_BRIEF_: A verbatim transcription of the listing below is required, without its pictures.

_THE DATA_:
__________

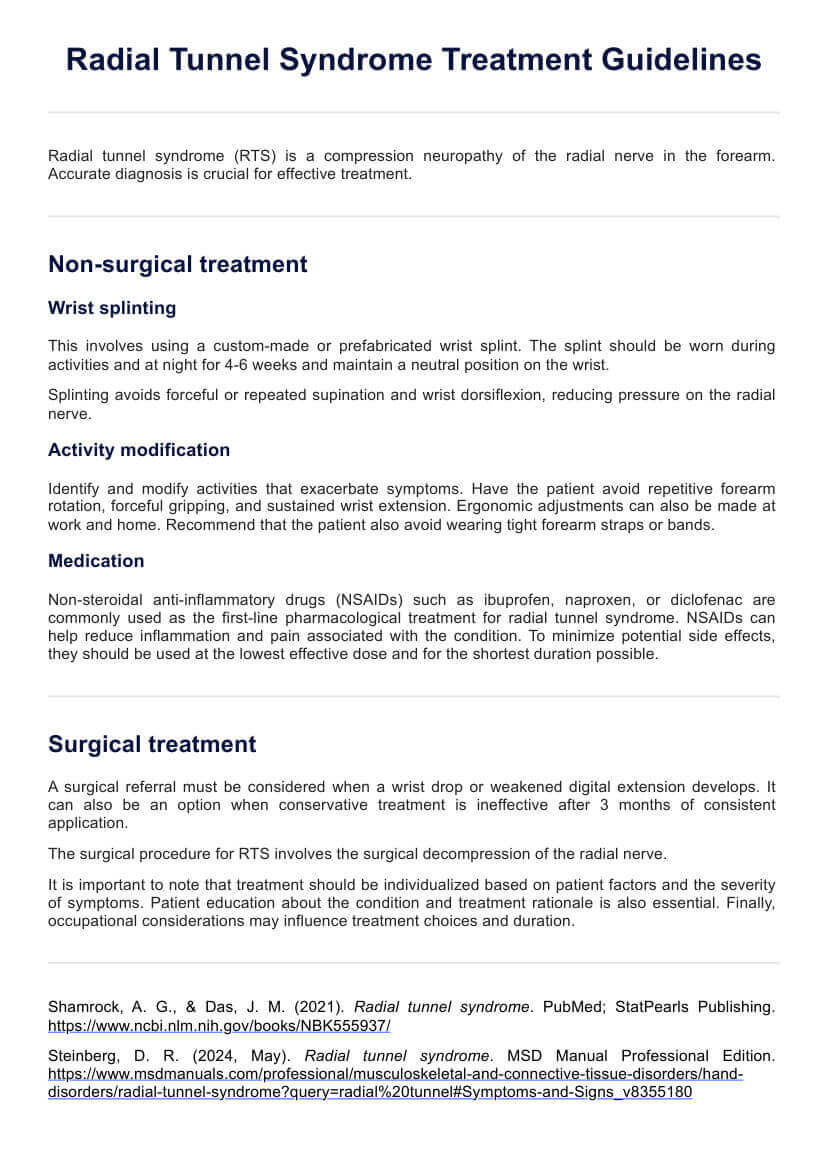 Radial Tunnel Syndrome Treatment Guidelines Template
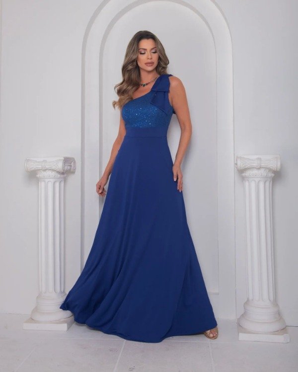 Vestido largo azul un hombro
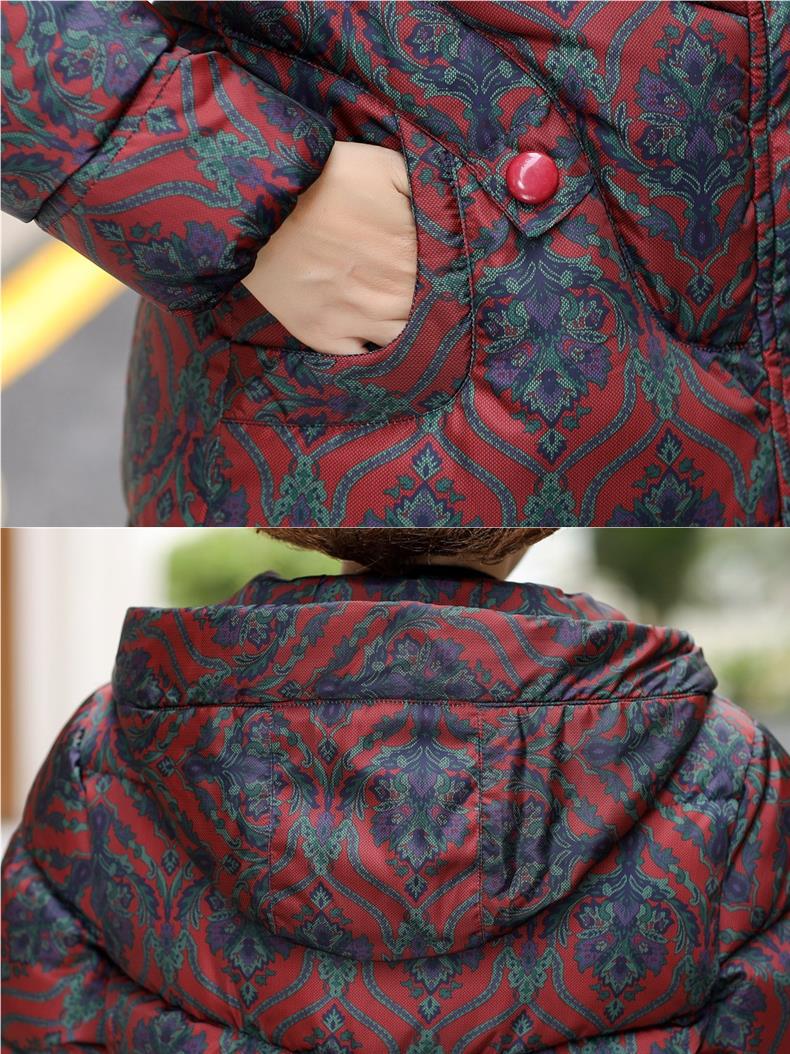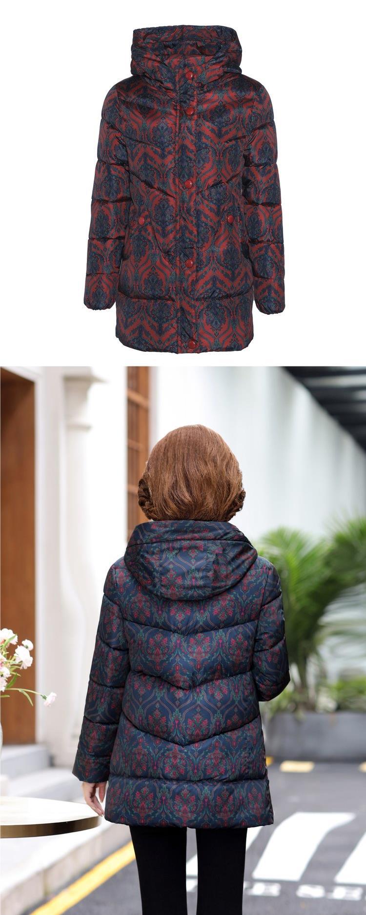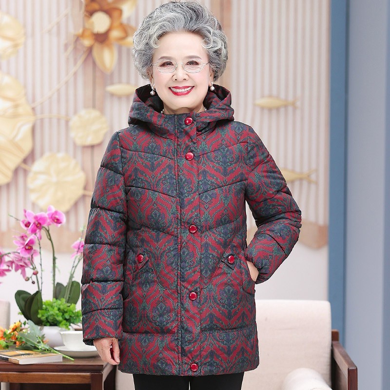 中年のお母さんの冬服の洋風のプリントの羽毛の綿服の中で老年の婦人服の冬の老人のおばあさんの綿服のコートの厚いです。

__________

_ANSWER SPACE_:
 Radial Tunnel Syndrome Treatment Guidelines Template
 Vestido largo azul un hombro
 中年のお母さんの冬服の洋風のプリントの羽毛の綿服の中で老年の婦人服の冬の老人のおばあさんの綿服のコートの厚いです。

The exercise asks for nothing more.